Now I may have been on one of my regular rouge juice consumption missions that evening, I'd probably been perusing my holiday snaps with a desperate desire to return to the Caribbean, relishing the thought of lounging on those gorgeous white sands, frolicking in the crystal clear warm sea, sipping too many rum based cocktails... I'd have done anything to go back and that was made more evident by my unexpected (to me & her) riposte. ''Ok, yeh, let's do it!''. Now, anyone who has known me for a long time (pre-2008) will tell you that I was one of those small minded individuals (some might say I still am...) that never wanted to settle down, never buy a house, never have a pet and certainly not get married! But, here I was, in summer 2011, sitting in the house I own, with a pet hamster, agreeing to tie the knot!
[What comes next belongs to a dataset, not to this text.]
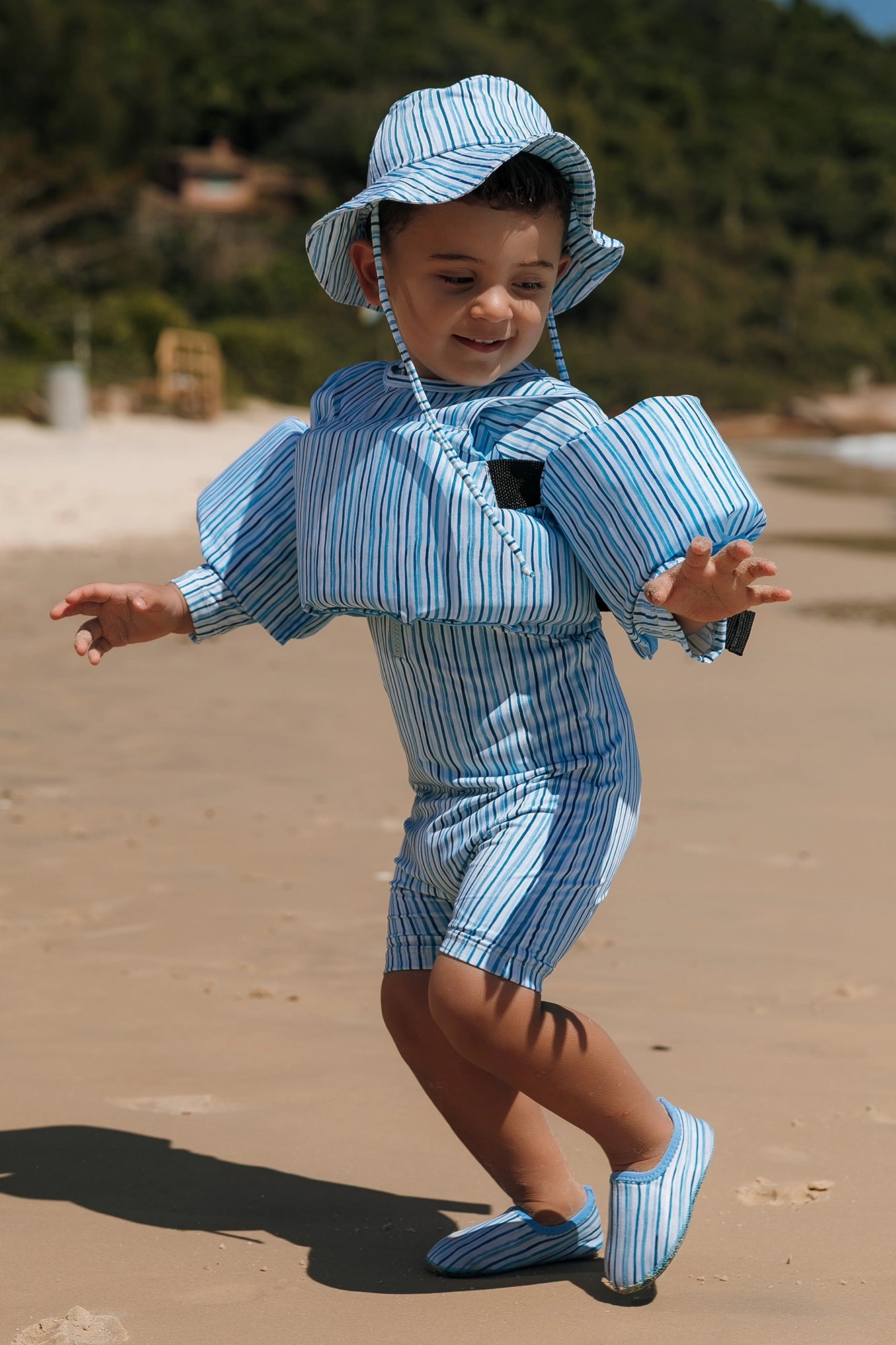 Nossa Boia Colete Salva-Vidas Infantil, é desenvolvida especialmente para crianças, feita com material confortável e resistente, possui boias de braço que garantem a livre movimentação dos bracinhos, com excelente estabilidade e movimentação na água! Muito mais diversão com segurança, pois elas tem alta flutuabilidade! Feito em nossa estampa exclusiva Listras Azul Claro, é unissex, tamanho único. Recomenda para 1 a 7 anos

What was I doing! Something was insidiously wrong, surely!
However with the second bottle of rouge juice inevitably opened and the 'wife to be' instantly nabbing my laptop to start showing me wedding ideas, I recall kicking back, feet on the coffee table, hands behind my head and with a inner smile, I closed my eyes and let my brain seduce me into that Caribbean paradise that I now knew I was definitely gonna see again.
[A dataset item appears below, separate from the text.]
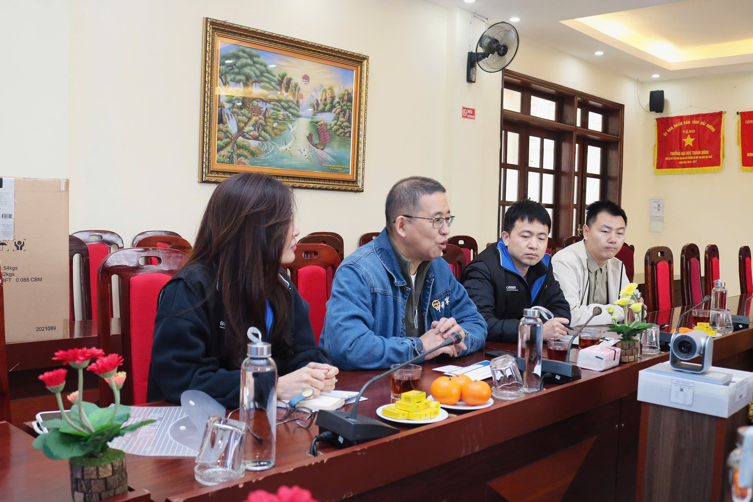 Nhân dịp này, Công ty TNHH Công nghệ Sáng tạo Bonsen Việt Nam đã trao tặng Trường Đại học Thành Đông khoản tài trợ 50 triệu đồng cùng các thiết bị văn phòng, trực tiếp phục vụ công tác quản lý, giảng dạy và tổ chức các hoạt động đào tạo - nghiên cứu tại Nhà trường. Nguồn hỗ trợ này được kỳ vọng sẽ góp phần cải thiện điều kiện làm việc của đội ngũ cán bộ, giảng viên, đồng thời nâng cao hiệu quả triển khai các chương trình hợp tác với doanh nghiệp. Buổi làm việc không chỉ dừng lại ở việc trao đổi chủ trương mà đã làm rõ những hướng phối hợp cụ thể trong thời gian tới, tạo nền tảng để hai bên từng bước triển khai các hoạt động gắn đào tạo với nhu cầu thực tiễn sản xuất, mang lại lợi ích thiết thực cho sinh viên, nhà trường và cộng đồng doanh nghiệp.

April 25th 2012. We're were at Manchester airport, about to board the plane to Cuba. Destination - Holguin airport on the NE bit of the island. I have a massive fear of flying. Not flying like Superman, cos that'd be mint, but sitting on a metal tube with wings whilst it spanks it across the vast Atlantic ocean at about 600mph at a height of over seven miles. But even this wasn't going to stop me, I'd mentally prepared myself for the journey by combining the thoughts of the paradise I was heading to with a few healthy glugs of scotch and a generic calming remedy that can be obtained from all good chemists. At this point, I can honestly say that the forthcoming wedding couldn't have been further from my thoughts. The weather in Manchester was grim. heavy rain and wind, a far cry from the melting sun and glorious blue skies that would be waiting for me at the conclusion of my nine hour journey. It was 9.40am. Most folk in the UK were already hard at work. By the time that some of them finish their day to day routines, I would be there...

San Salvador - 40 minutes to destination.
We arrived at Holguin at 7.40pm (UK time). In Cuba it was only 2.40pm and we had the rest of the day in front of us. The weather wasn't exactly mega but it was hot and the sun was trying to shine thru the huge dark clouds which hung in the sky like those horrible Dementors off of Harry Potter. Collecting our gear, we boarded the coach for the hour long drive to our resort.
En-route, I began to once again become acquainted with the familiar birds of the island. I counted 32 Turkey Vultures before it struck home that my final tally could be in the thousands, so I stopped looking at them. They are absolutely everywhere. It is solid fact that whenever you glance at the sky in Cuba, you WILL see a Turkey Vulture (except at night of course).

Turkey Vulture - number 14,562
A few Northern Mockingbirds and Red-legged Thrushes were noted, a single Cuban Blackbird and 22 Cattle Egrets.
At 4.55pm we arrived at our destination - Playa Pesquero. I was here. I felt at home. Cuba 2012. It had begun.